Using maps, headlights, and a little common sense, I finally made it to Climber’s Bivouac late at night.
May 16th 1998
My tent was already set up by the graciousness of my unofficial leader, Kevin O’Bryen and his royal attendants. Thank god. Trying to put up a tent in the dark is… well same as trying to dress your significant other in baby clothes. It just doesn’t work and not a lot of fun. Too bad I didn’t sleep. The tent was set up on the snow, which consequently was the same as sleeping on a pile of rocks. Not very forgiving to the human back. No worries, though. Sleep deprivation does wonderful things. But that’s another story for another day.
Thankfully, we had an early start. The sleep-eyed crew assembled before the man, Kevin.
And, of course, yours truly.
By 8am, our eager but inexperienced group set off to summit Mt. St. Helen’s on its anniversary date of explosion. Coincidence? Or irony? I’ll let you decide. I settled into “hike mode” and we were off. The usual trail chatter filled my ears and the trail grew shorter with every step.
I soon discovered there are two parts to this trail. The forest, and beyond.
I didn’t realize “beyond” included a region hikers call “above tree line”. “Above tree line” is a universal term to describe the area on the mountain in which little to no foliage grew, and of course, the boundary in which trees stop growing. Basically it was you, the mountain, and atmosphere.
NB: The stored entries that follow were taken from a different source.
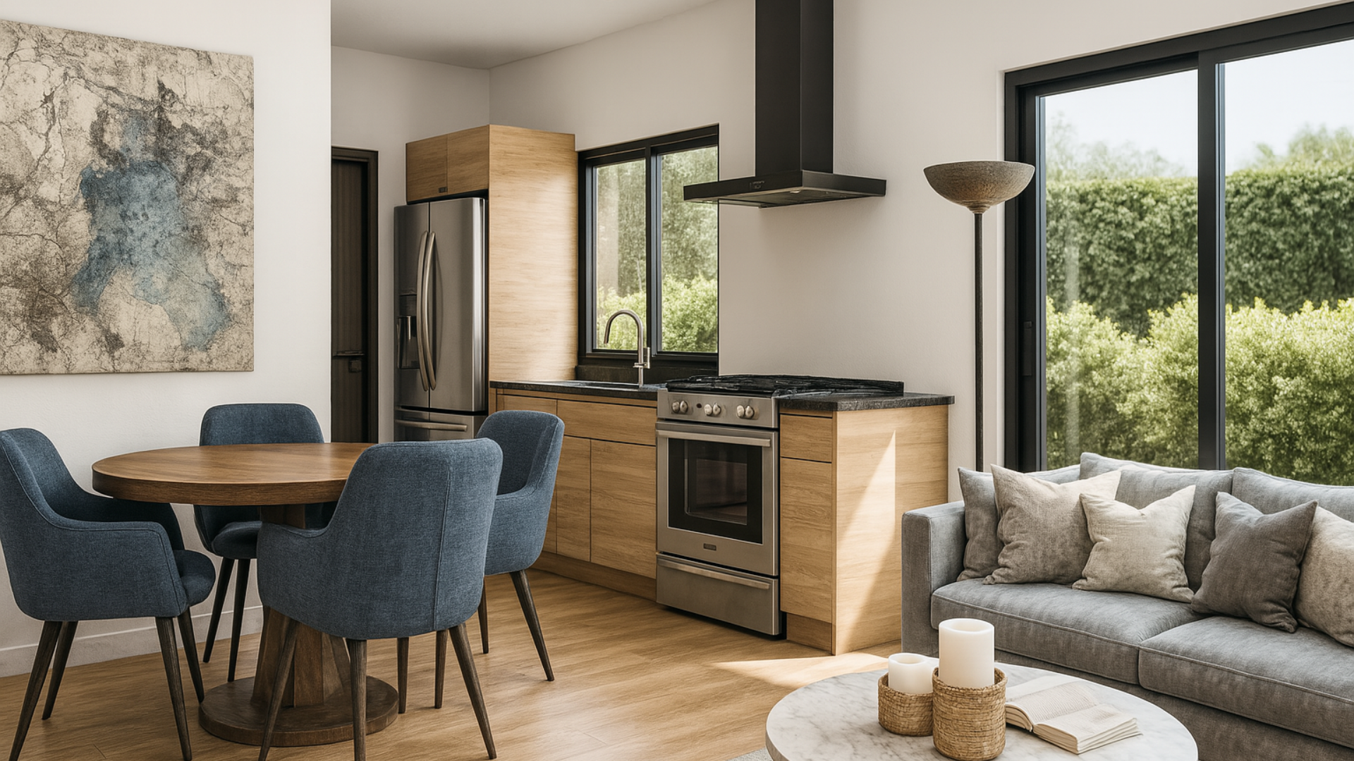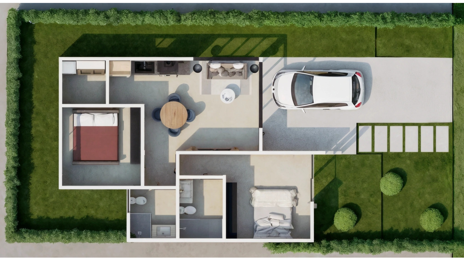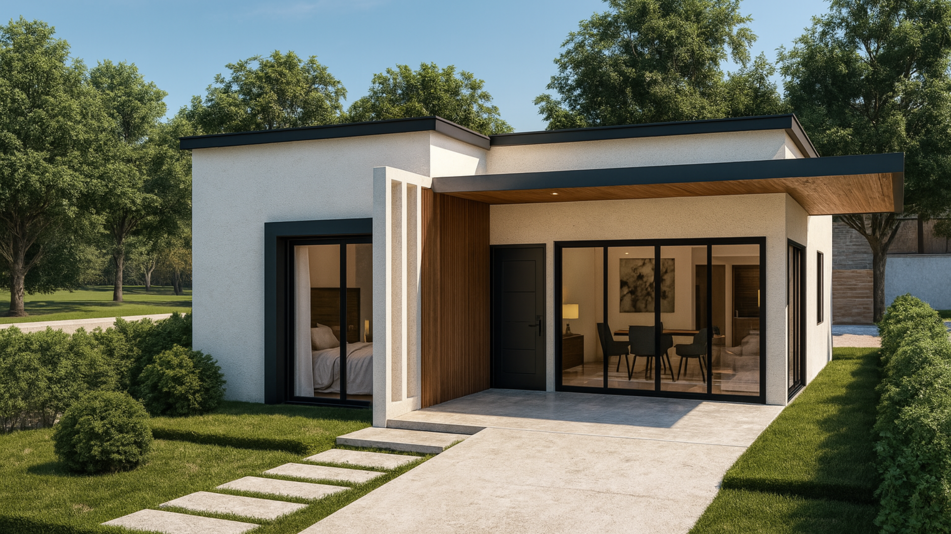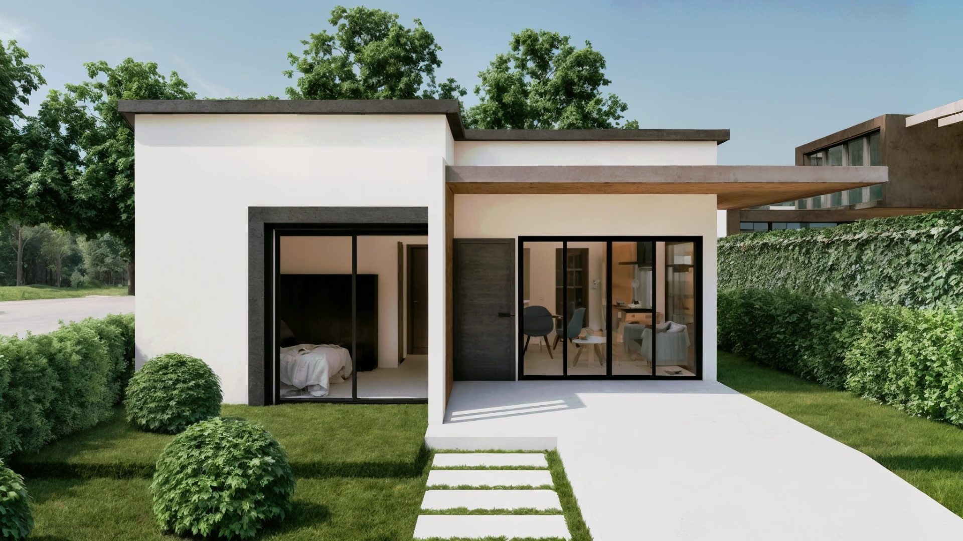 Con líneas limpias, formas contemporáneas y una distribución inteligente, este modelo de vivienda ofrece un estilo de vida moderno, práctico y lleno de encanto. Su diseño compacto integra de manera armoniosa la cocina, el comedor y la sala, generando un ambiente cálido y funcional que se abre al jardín mediante grandes ventanales que llenan de luz cada espacio. El juego de volúmenes en fachada, la textura de la madera y el contraste con el blanco aportan dinamismo y carácter, mientras que los espacios interiores, con acabados sobrios y detalles acogedores, invitan al confort diario. Este hogar está pensado para quienes valoran la belleza simple, la eficiencia en el uso del espacio y la conexión fluida entre interior y exterior. Es una propuesta ideal para vivir de manera auténtica, disfrutando cada rincón con alegría y funcionalidad.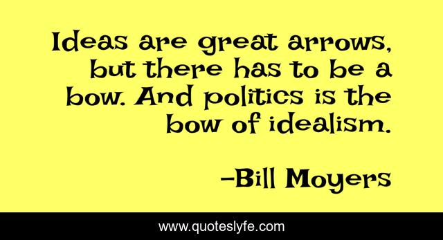 This page presents the quote "Ideas are great arrows, but there has to be a bow. And politics is the bow of idealism.". Author of this quote is Bill Moyers. This quote is about idealism, great, ideas,.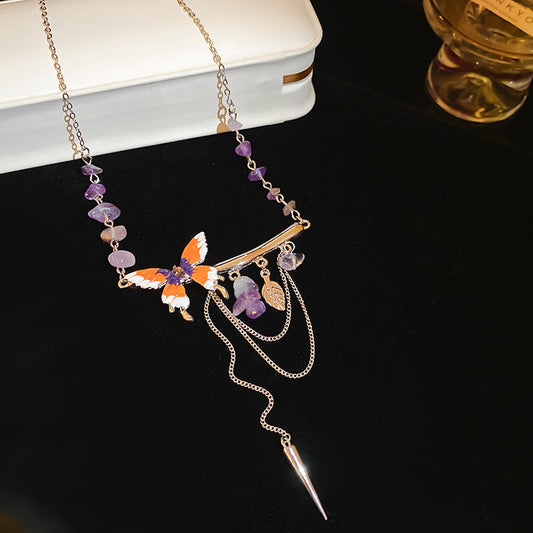 A2廠 韓國韓版鑲鑽蝴蝶樹葉流蘇項鍊「HN8063」25.01.W1 批發折扣@洽客服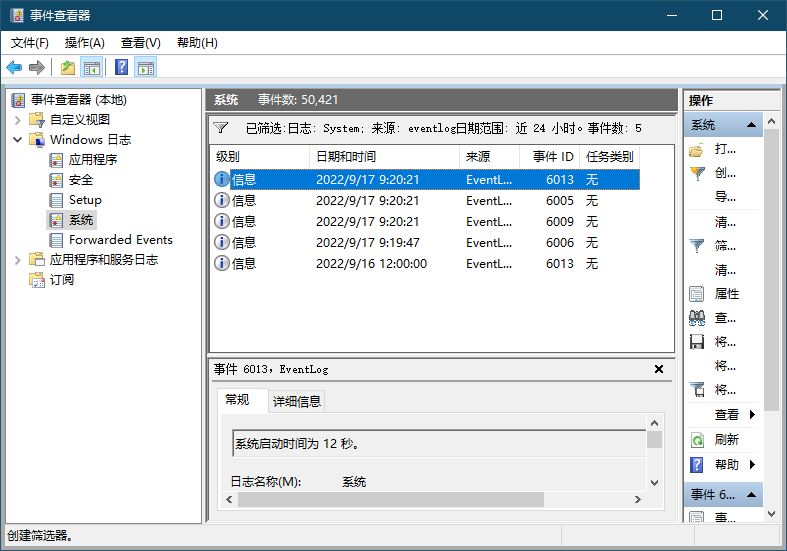 5、找到最近的eventlog日志信息,查看是不是最近的电脑重启的日期和时间。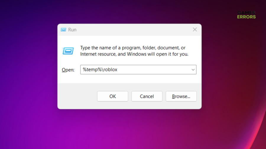 - Kirjoita ponnahdusikkunaan seuraavat:%Temp%Roblox.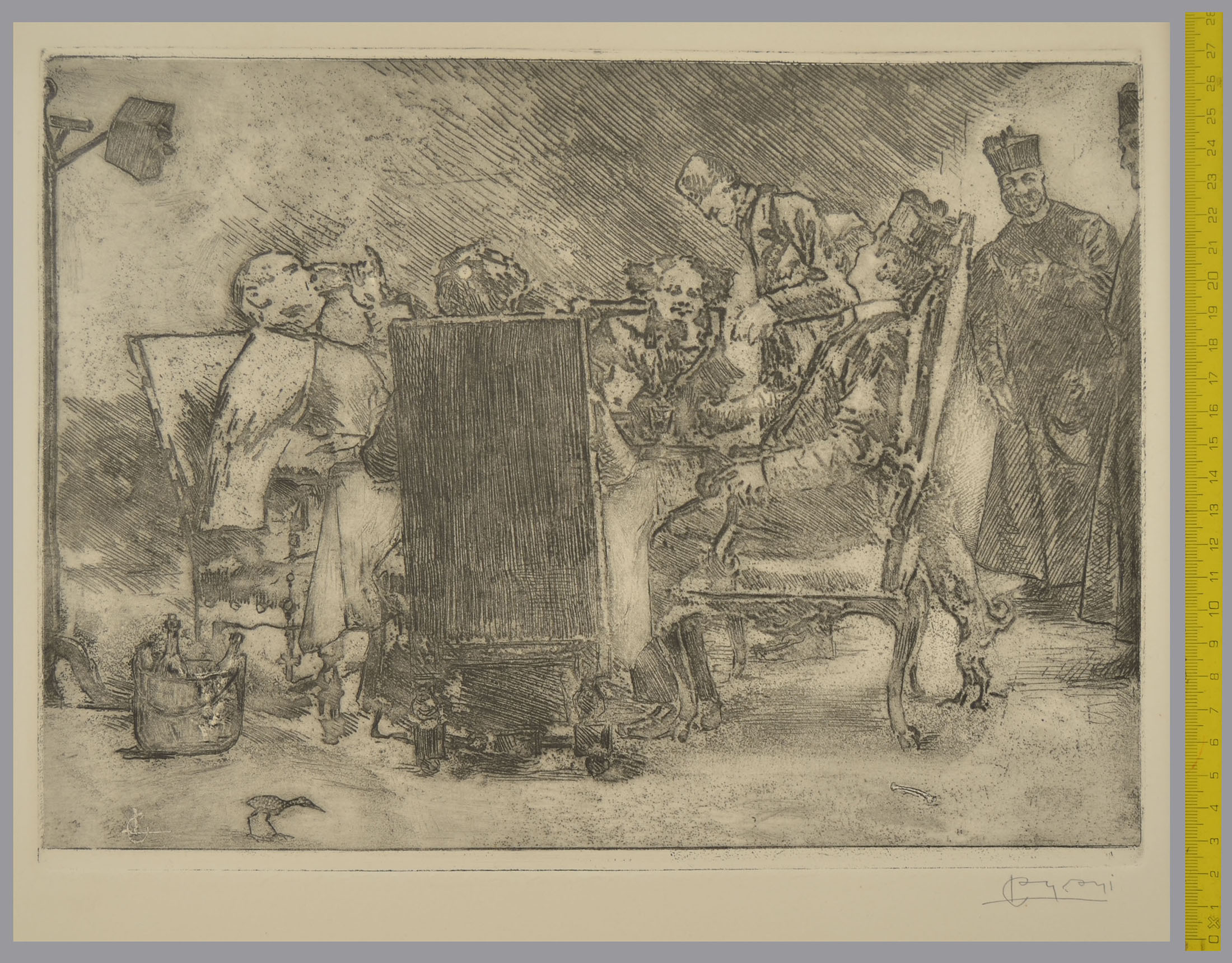 Conconi was commissioned by the magazine Cronaca d'Arte to execute caricatural illustrations to the comedy by Luigi Illica La Sottoprefettura di Rogagnecca, a satire on the relationship between politics and the Church. This print represents a convivial scene of the second act.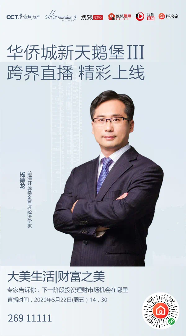 基于此,华侨城新天鹅堡三期“大美生活”直播季,将于本周五力邀深圳前海开源基金董事总经理、首席经济学家、证券业协会首席经济学家委员会委员、央视财经频道特约评论员杨德龙先生做客直播间,阐释非常时期的投资智慧,解读未来市场局势与投资机会。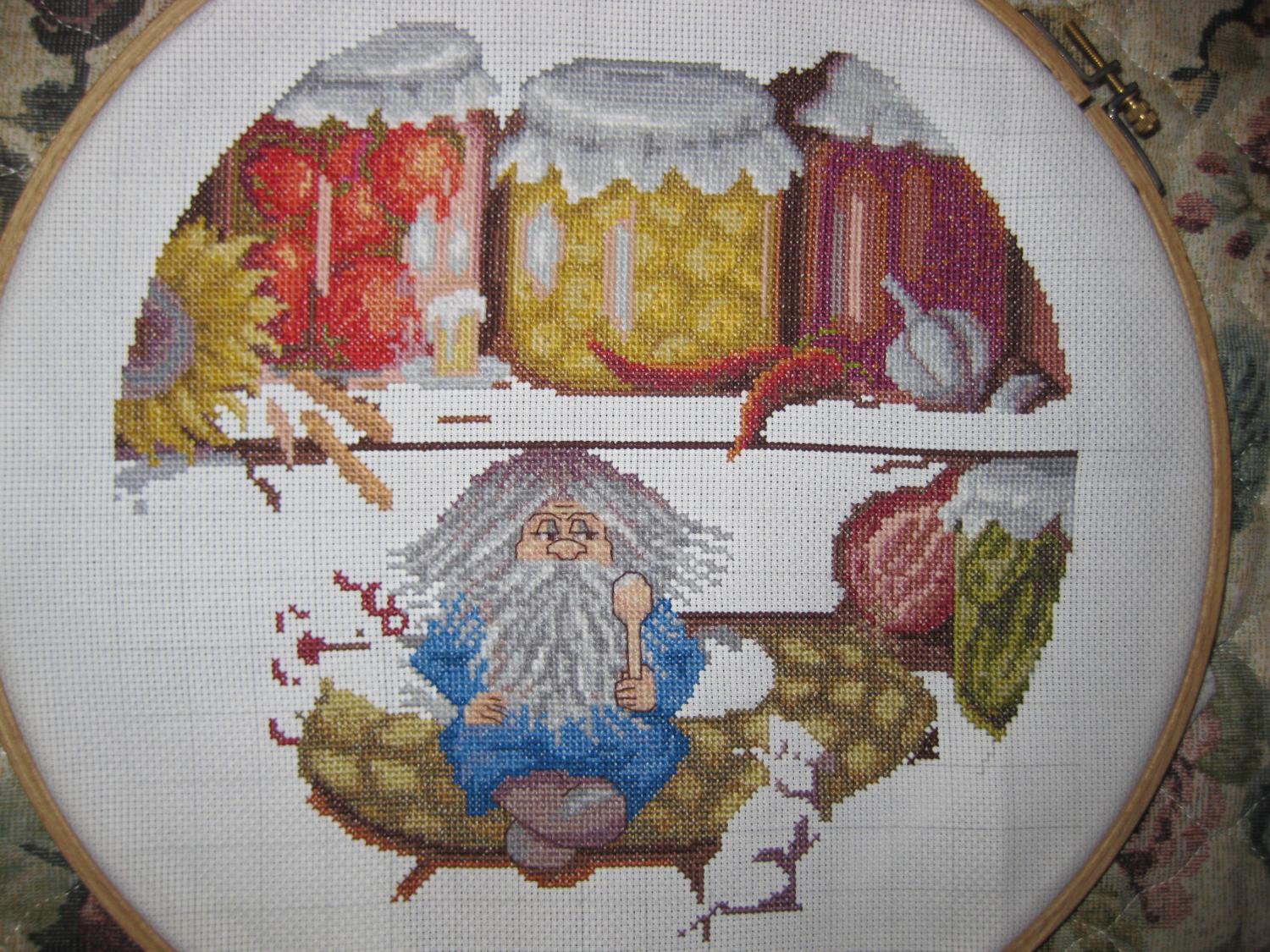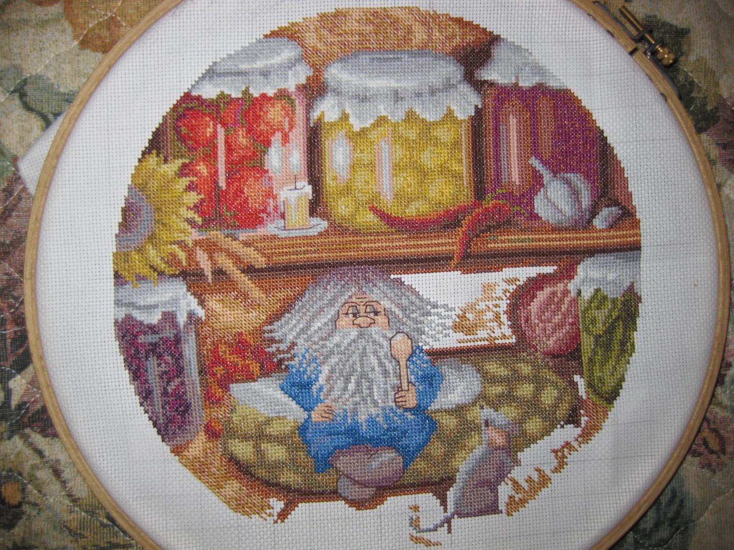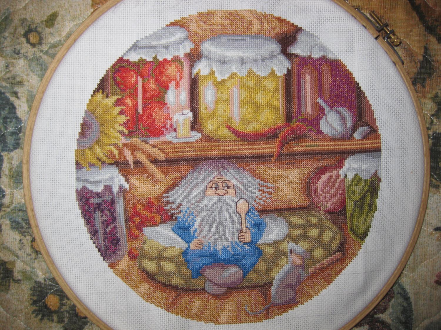 20 апреля 2012 Ну вот, за месяц со времени публикации последней фотки Домовенок вылупился целиком. В светлый пасхальный день. Есть в этом какое-то предзнаменование. Шился он ровно полтора месяца – с 29 февраля по 15 апреля. Несмотря на возникшие проблемы, море удовольствия. Ведь каждый элемент на картинке настолько родной и домашний. Каждому новому вышитому предмету радовались всей семьей. Очень теплая картинка, светлая по энергетике работа. Ну а теперь процесс. После баночки с желтыми ягодками, которые настолько мастерски были выписаны дизайнером, что текли слюнки, я приступила к своей задумке, которая была в голове изначально. А именно, наполнить баночку с красно-розовыми разводами по своему усмотрению. А именно - помидорами. И вот что получилось. Не откажу себе в удовольствие показать процесс заполнения банки. За исключением лаптя (о котором было и еще будет отдельно), помидорная эпопея вылилась дней в десять. Сначала пыталась приспособить готовые схемы. «Помидорки» от ДМС были первой попыткой. Но хотя они подошли по размеру, стиль картинки был не выдержан, пришлось с ними расстаться. Отказалась также и от схем с просторов интернета. Так что помидоры в банке – моя собственная разработка. Понимаю, что нет предела совершенству, но уж как вышло. После помидорок за несколько часов «вырос» чеснок «от производителя», настолько отлично проработанный и вкусный, что я бегом побежала готовить обед, ибо эфемерный чесночный дух заполонил окрестности. За чесноком последовали банка с огурцами и луковица, которые изначально предполагала несколько видоизменить, что и сделала. С луковицей возилась целое воскресенье. По-моему, она получилась более похожа на луковичку, нежели на миниатюрный футбольный мячик, предложенный по схеме. Верхняя баночка с вареньем (я предполагаю, что с малиновым) нарисовалась очень быстро и заняла свое достойное место. И вот наступила очередь лаптя. Его я боялась. Напомню, на предыдущей странице есть фото страшного темно-коричневого полураспущенного лаптя с нитками, которые были в фабричной комплектации. Лапоть был распорот, и я все оттягивала момент приступать к нему вновь. Пришлось посетить «ниточный» магазин. Диалог в магазине: Продавец: какие Вам номера? Я: Мне не номера, мне надо «на лапоть» подобрать… Короче, вот что получилось. Я довольна. Отдельно про мышку. Она такая славненькая, с розовыми ушками. Во всяком случае, об этом заявляла картинка на обложке. В наборе же нитки «для ушка» были вложены шоколадно-коричневые. Пришлось опять пороть и шить заново по-своему. Вообще, процесс «порки» занял место не многим меньше, чем процесс созидания. Последнее изменение я внесла в нижнюю баночку с синей жижей. Долго опрашивала домочадцев и коллег по работе, что такое съедобное можно сложить в банку, чтобы она была такой невыносимо васильково-синей. Ответов не было ни одного. Поскольку травиться не захотелось, то по совету дочки-старшеклассницы заменила васильковый на черничный. И вот вам варенье из черники (а может, смородины). Вполне съедобно. На а деревянное покрытие вышилось быстро и просто. Проработка дерева я считаю, у дизайнера на высоте. Вот мой домовеночек без бэка, и с бэком. По-своему обшила крышки банок. Не стала «обводить» желтый цветок.Там так красиво играют краски, что не хотелось портить эти переливы. А вот на лапте 
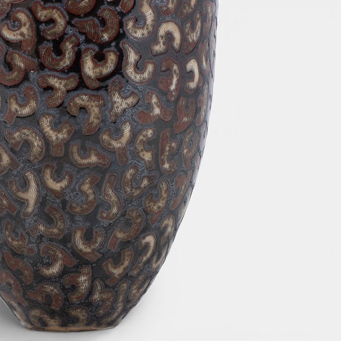 Colossal stoneware jar with black glaze and red decorations. Signed.

Late into the trip, unfortunately, two from our party had to turn back. The rest of us trudged on. At this point my leg muscles were so cramped and knotted up I thought someone stabbed me with a letter opener in my thighs and left it there! I was invited to turn back with the other two. NO WAY!
Let me just say, that quitting, stopping, etc are words that do not occur in my dictionary of life often. I was determined. The rest of the group would have to pull my dead body off the top. Period. So I struggled on through HORIZONTAL snowing and gale force winds. My cement galoshes on my feet barely kept my locomotion going.
We reached a point about five hours into the hike called Monitor Ridge. The elevation at this place was 6500 feet. Not bad. But still not at the top which is 8300 feet. The weather was deteriorating fast, and I felt morale slipping a little. We collectively decided to return. Better safe than sorry. I like to think of it as accepting the better part of valor.
So I learned a new technique of traversing a mountain. Glissading- is the art of sitting on your rump or in my case my brain, and sliding down the mountain on the snow. Too cool.
We returned to base camp in no time. Wow. We were fast hikers as a whole, but up and down the mountain. At any rate, the consensus was to salvage the weekend at the campsite. Then it started to pour down rain. I thought to myself, “Is this an omen? Or just a huge hint to go home?” I left after cleaning up my mess.
To cap off the weekend, we decided to meet at Jack’s restaurant for a farewell-have-a-nice-weekend dinner. We parted our separate ways and I headed back to where at least I knew where I was going. Truly, an incredible trip. And as they say “Getting there is half the fun.”
My guess is the other half is surviving. You decide.